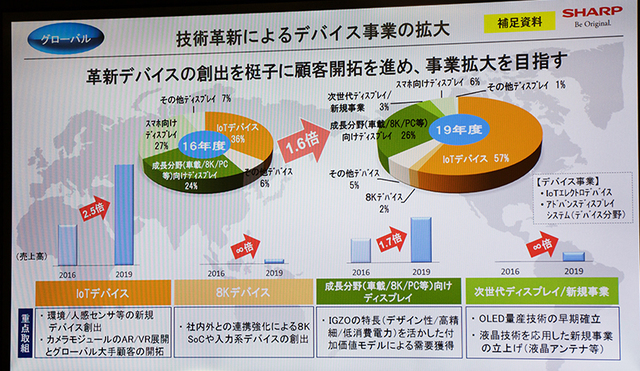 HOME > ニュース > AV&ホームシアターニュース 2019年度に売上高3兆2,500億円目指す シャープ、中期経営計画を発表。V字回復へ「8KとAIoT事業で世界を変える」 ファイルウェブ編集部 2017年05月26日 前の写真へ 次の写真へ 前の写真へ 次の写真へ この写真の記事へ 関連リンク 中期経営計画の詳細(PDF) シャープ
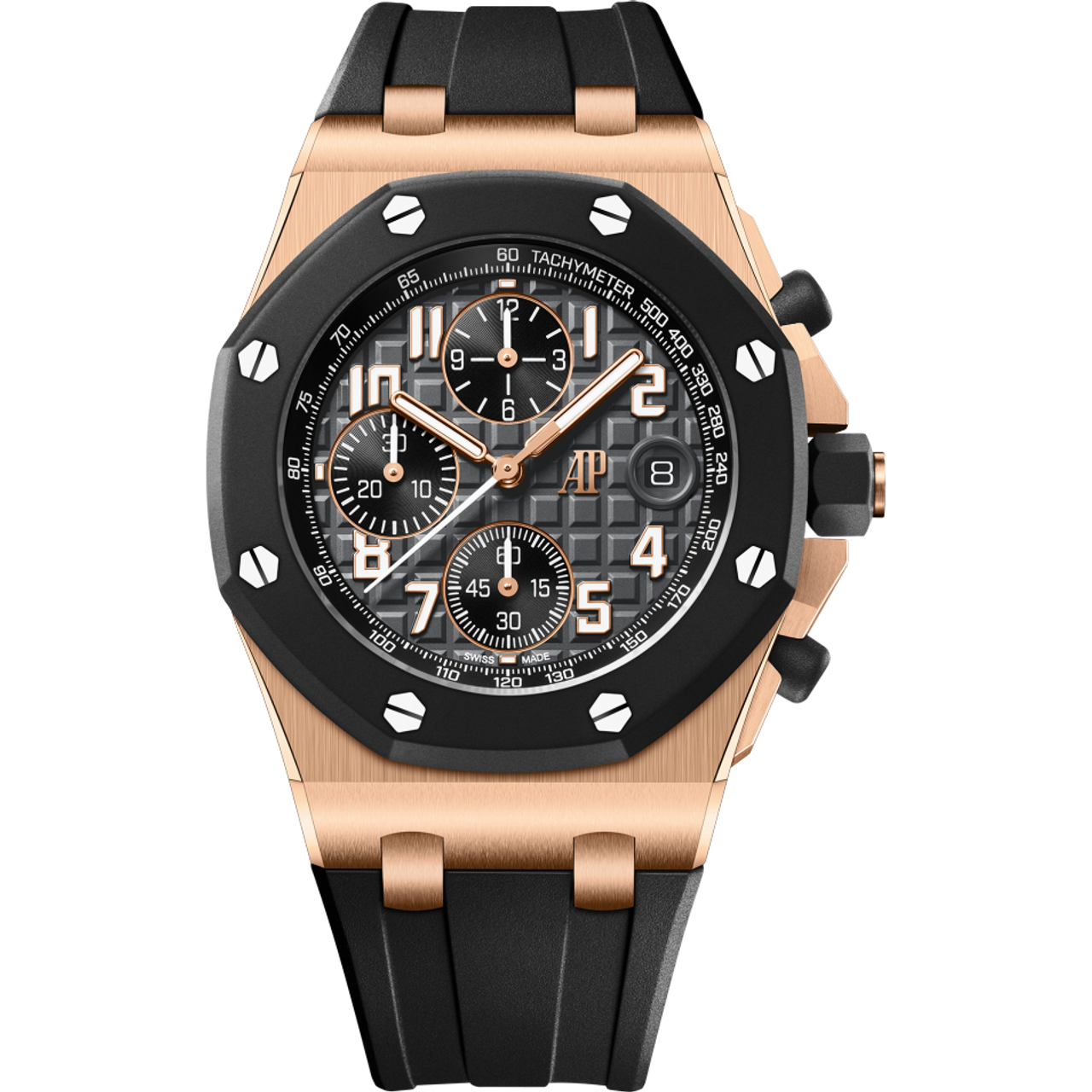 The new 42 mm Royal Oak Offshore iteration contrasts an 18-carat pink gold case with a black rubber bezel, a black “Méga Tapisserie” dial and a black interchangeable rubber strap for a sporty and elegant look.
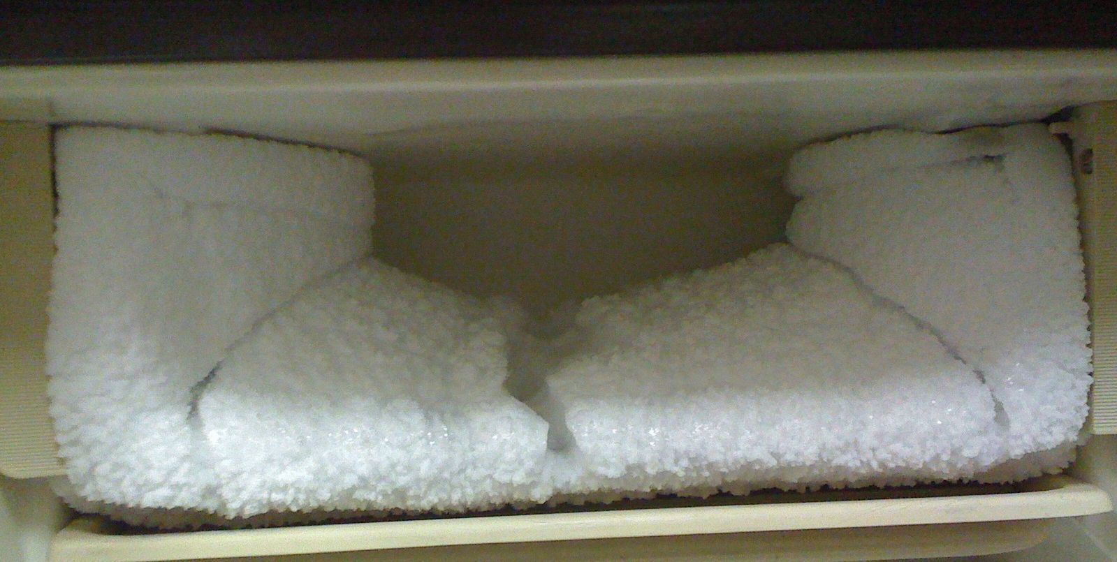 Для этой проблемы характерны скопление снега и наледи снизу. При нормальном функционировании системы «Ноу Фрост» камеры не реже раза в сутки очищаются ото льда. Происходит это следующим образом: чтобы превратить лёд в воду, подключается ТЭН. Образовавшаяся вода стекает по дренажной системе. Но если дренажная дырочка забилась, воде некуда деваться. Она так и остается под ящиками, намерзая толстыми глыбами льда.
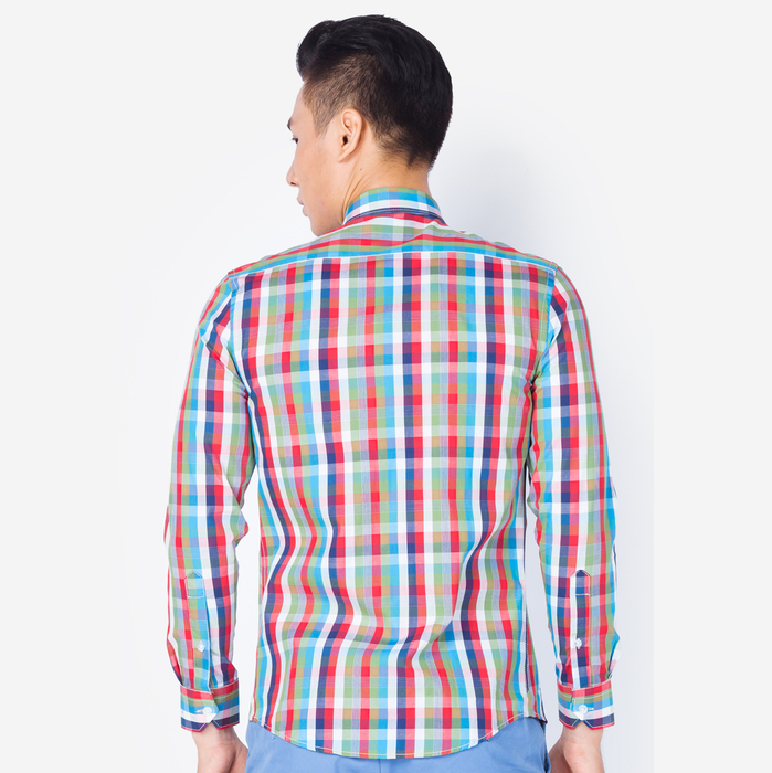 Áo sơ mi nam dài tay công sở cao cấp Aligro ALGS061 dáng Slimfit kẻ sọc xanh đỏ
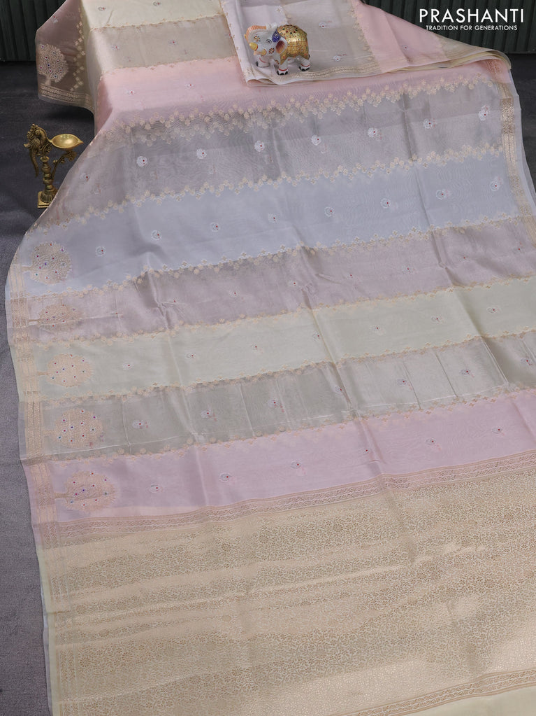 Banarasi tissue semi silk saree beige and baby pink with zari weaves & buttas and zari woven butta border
-*-*-
(What the exercise asks):
Repeat the material above word for word, please, apart from its images.

(Answer to this task):
 HOME > ニュース > AV&ホームシアターニュース 2019年度に売上高3兆2,500億円目指す シャープ、中期経営計画を発表。V字回復へ「8KとAIoT事業で世界を変える」 ファイルウェブ編集部 2017年05月26日 前の写真へ 次の写真へ 前の写真へ 次の写真へ この写真の記事へ 関連リンク 中期経営計画の詳細(PDF) シャープ
 The new 42 mm Royal Oak Offshore iteration contrasts an 18-carat pink gold case with a black rubber bezel, a black “Méga Tapisserie” dial and a black interchangeable rubber strap for a sporty and elegant look.
 Для этой проблемы характерны скопление снега и наледи снизу. При нормальном функционировании системы «Ноу Фрост» камеры не реже раза в сутки очищаются ото льда. Происходит это следующим образом: чтобы превратить лёд в воду, подключается ТЭН. Образовавшаяся вода стекает по дренажной системе. Но если дренажная дырочка забилась, воде некуда деваться. Она так и остается под ящиками, намерзая толстыми глыбами льда.
 Áo sơ mi nam dài tay công sở cao cấp Aligro ALGS061 dáng Slimfit kẻ sọc xanh đỏ
 Banarasi tissue semi silk saree beige and baby pink with zari weaves & buttas and zari woven butta border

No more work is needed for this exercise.